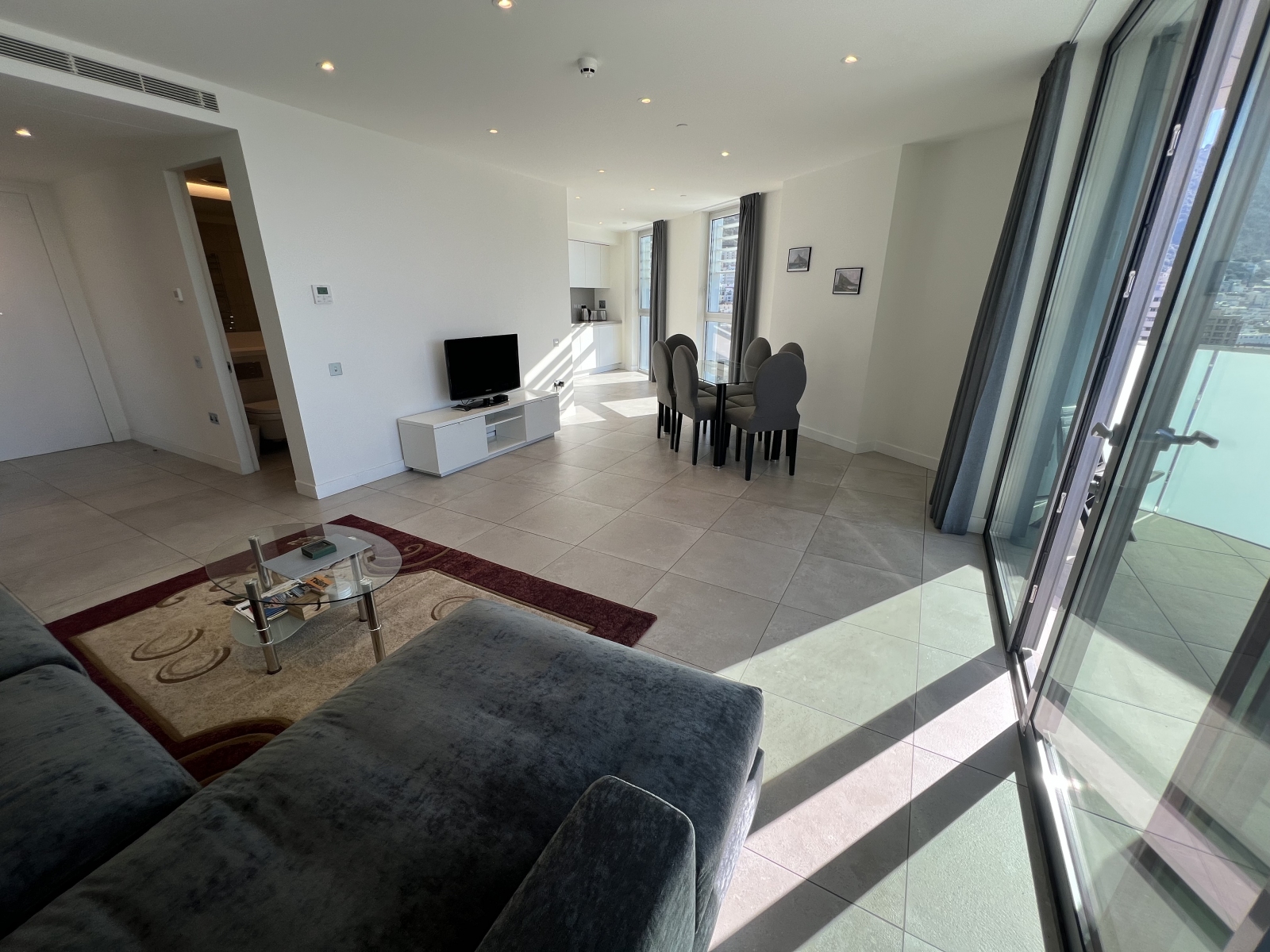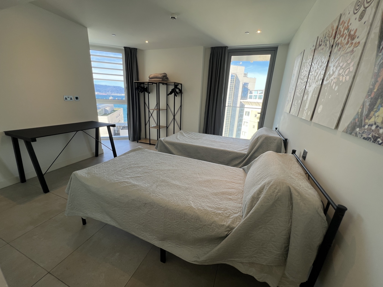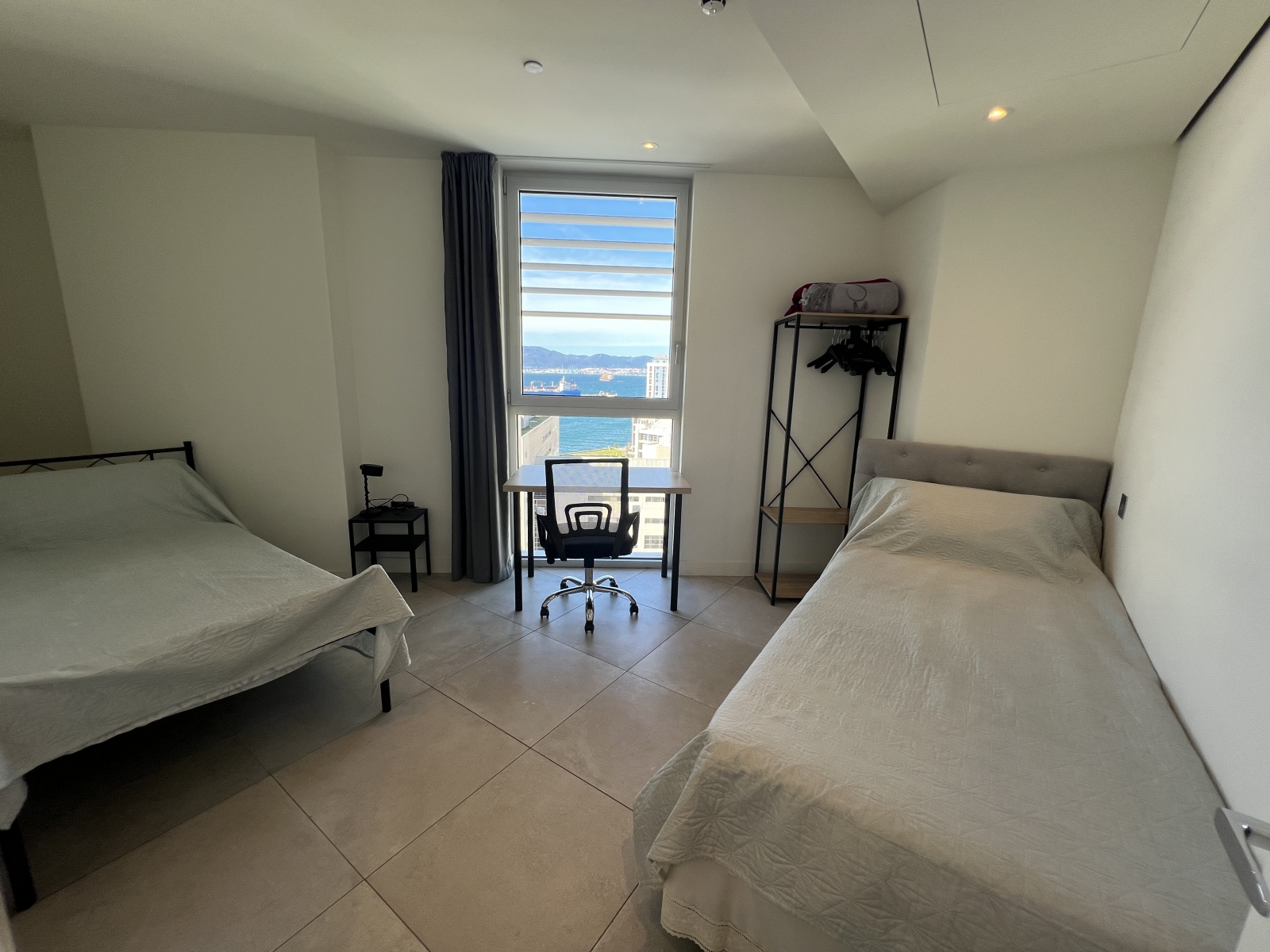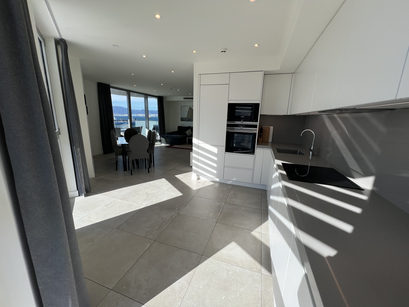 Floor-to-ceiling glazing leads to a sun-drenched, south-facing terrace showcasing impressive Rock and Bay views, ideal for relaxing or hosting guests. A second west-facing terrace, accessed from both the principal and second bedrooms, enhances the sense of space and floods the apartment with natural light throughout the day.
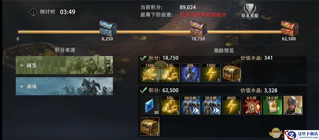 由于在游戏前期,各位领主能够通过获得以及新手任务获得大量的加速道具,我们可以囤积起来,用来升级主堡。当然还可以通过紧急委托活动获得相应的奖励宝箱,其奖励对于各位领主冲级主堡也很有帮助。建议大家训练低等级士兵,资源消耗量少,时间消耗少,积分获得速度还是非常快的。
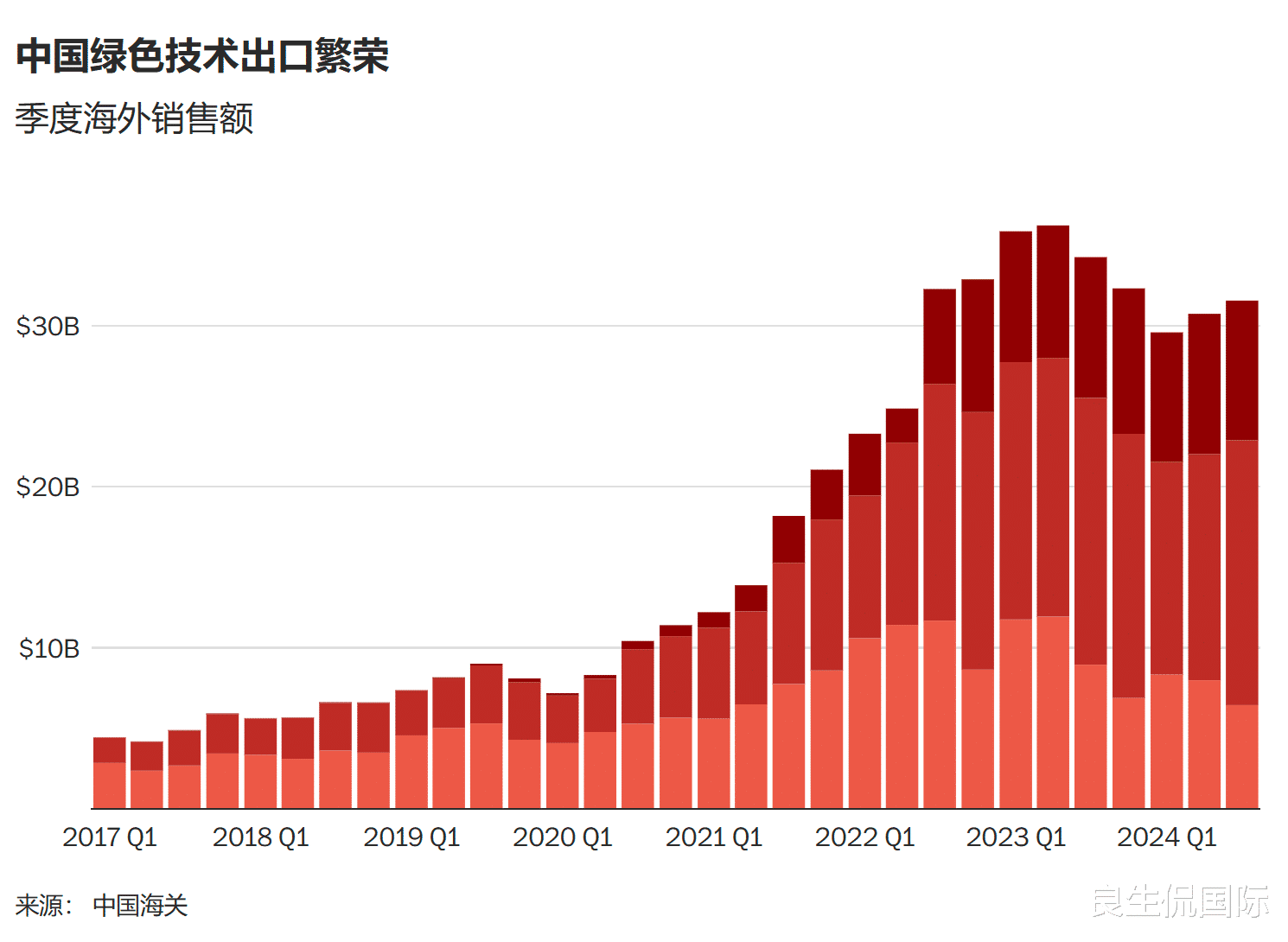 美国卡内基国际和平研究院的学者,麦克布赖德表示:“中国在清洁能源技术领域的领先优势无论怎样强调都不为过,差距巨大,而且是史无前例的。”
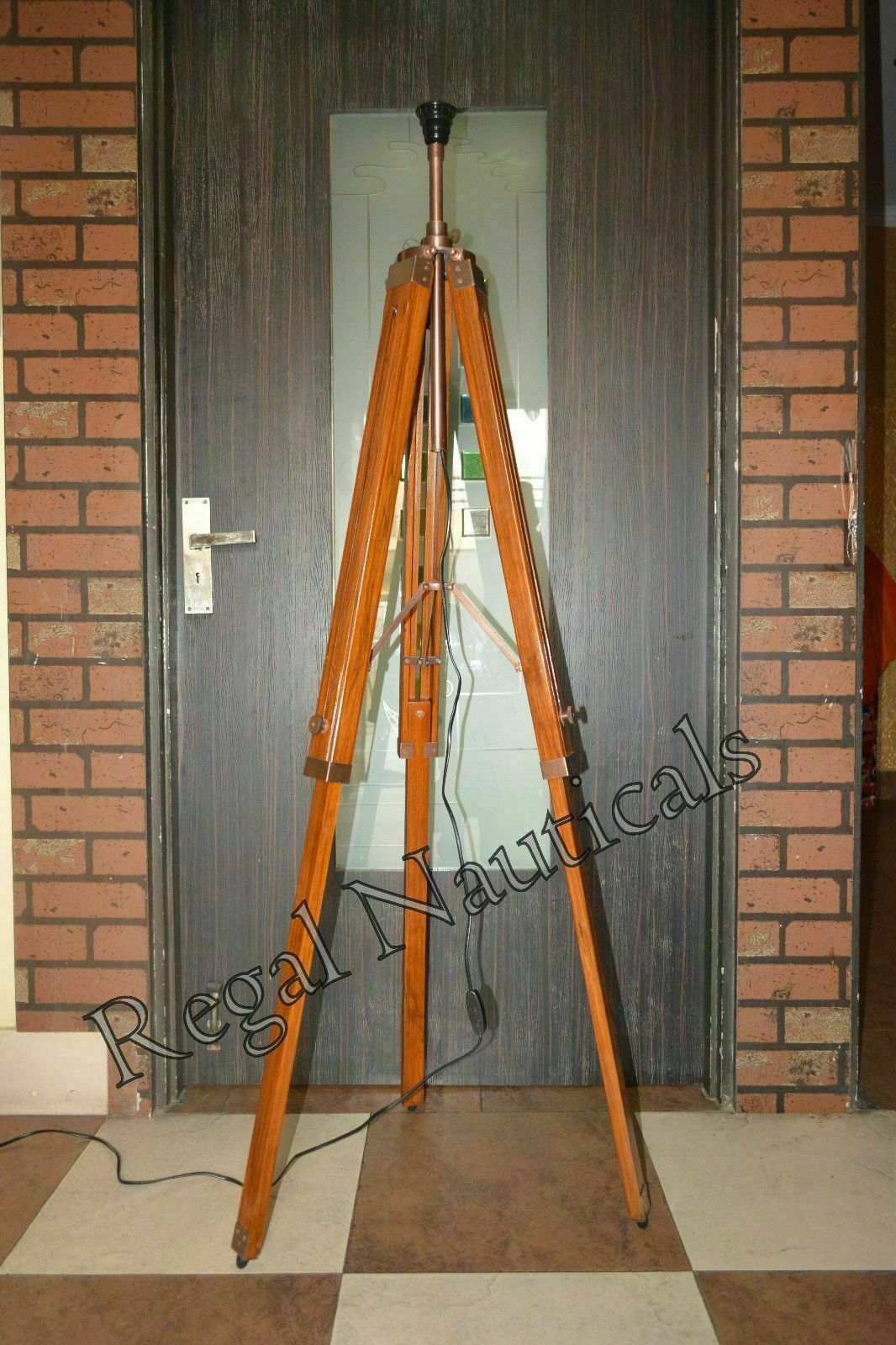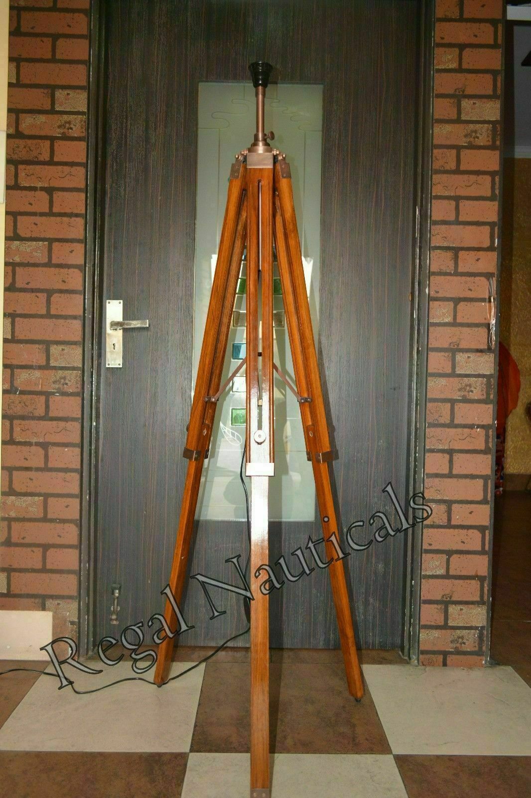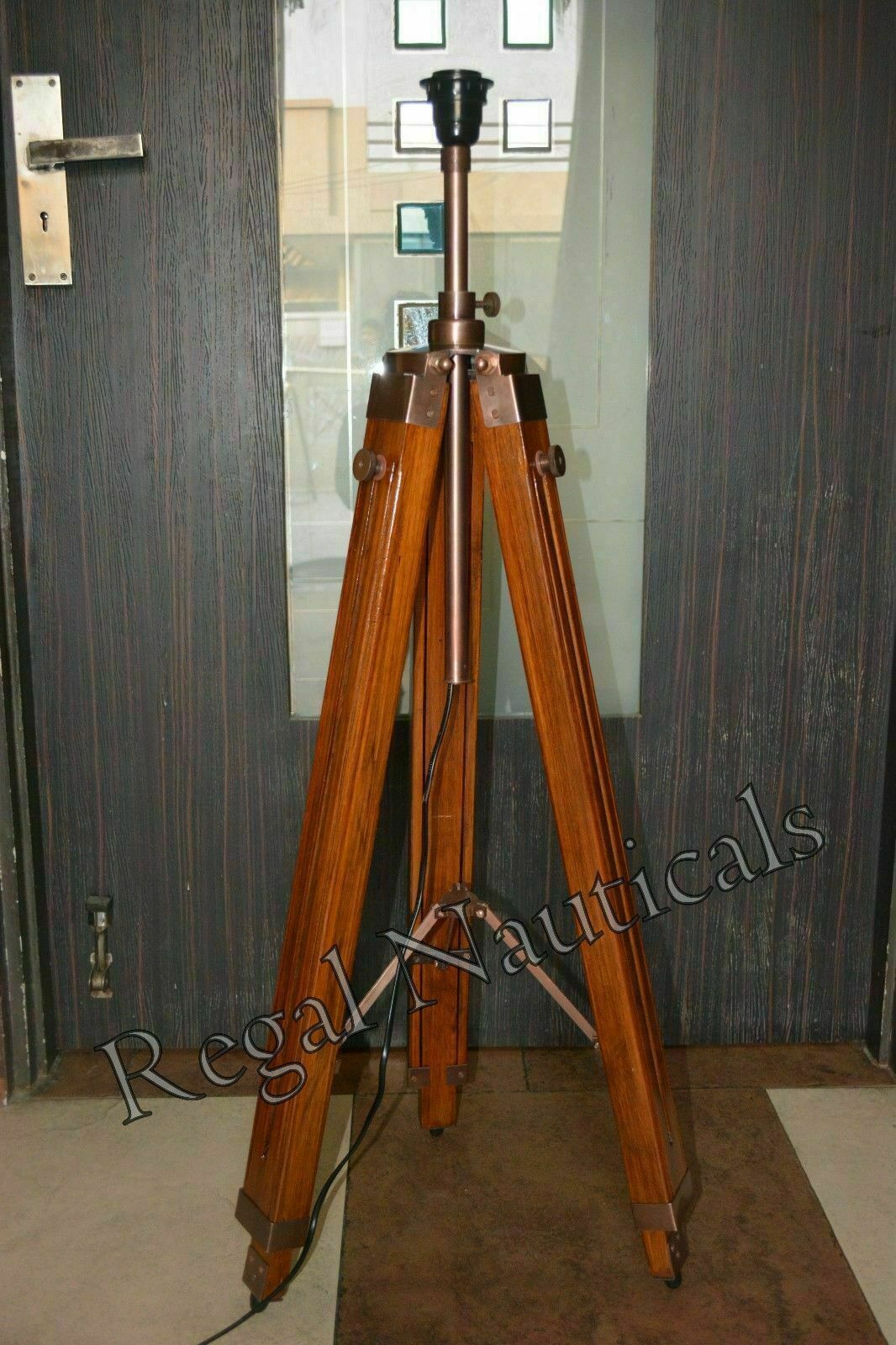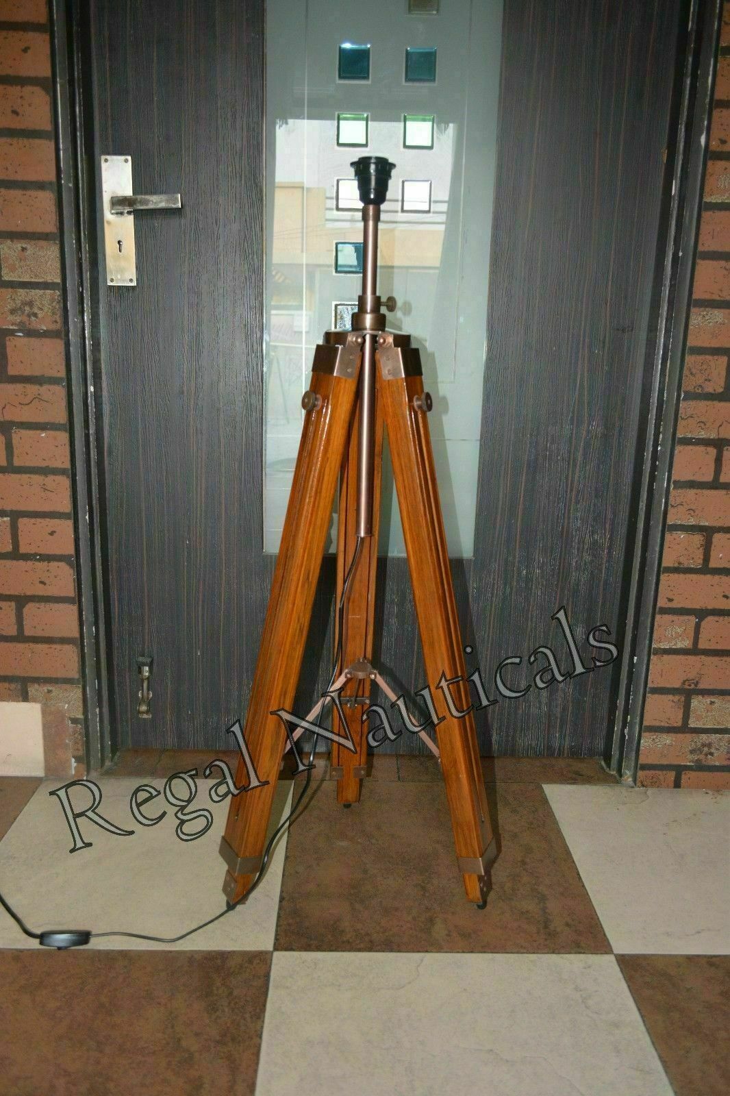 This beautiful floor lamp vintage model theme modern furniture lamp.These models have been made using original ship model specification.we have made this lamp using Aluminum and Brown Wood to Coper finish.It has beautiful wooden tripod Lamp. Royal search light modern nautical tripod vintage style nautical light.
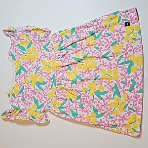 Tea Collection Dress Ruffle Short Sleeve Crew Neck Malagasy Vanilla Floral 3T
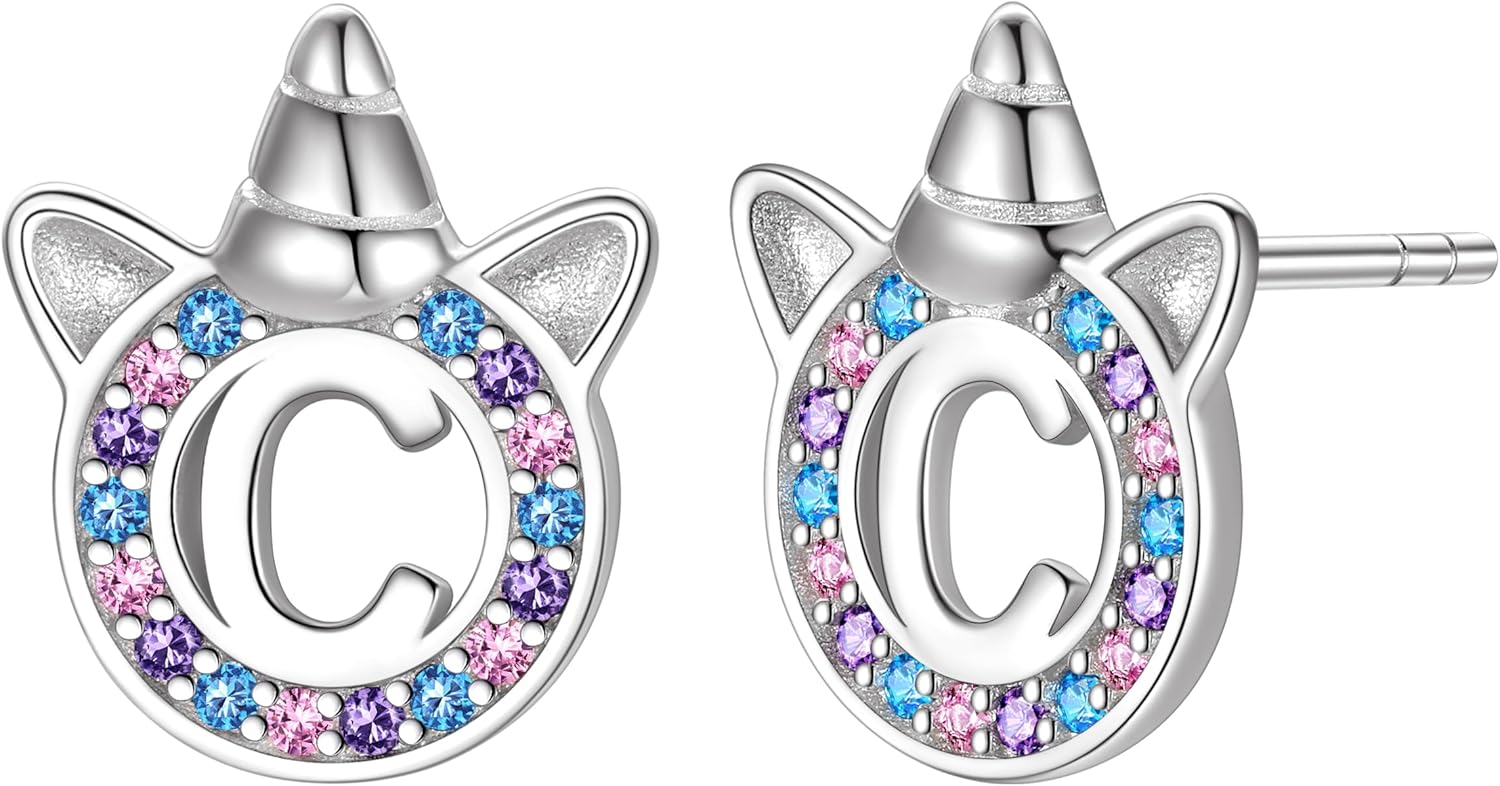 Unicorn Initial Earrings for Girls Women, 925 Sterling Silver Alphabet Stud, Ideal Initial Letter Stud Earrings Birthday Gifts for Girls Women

Task instructions - Because the copy must hold no pictures, return only the lines that run from the line containing "Tea Collection Dress" to the end of the data above, each exactly as it stands.

Result -
 Tea Collection Dress Ruffle Short Sleeve Crew Neck Malagasy Vanilla Floral 3T
 Unicorn Initial Earrings for Girls Women, 925 Sterling Silver Alphabet Stud, Ideal Initial Letter Stud Earrings Birthday Gifts for Girls Women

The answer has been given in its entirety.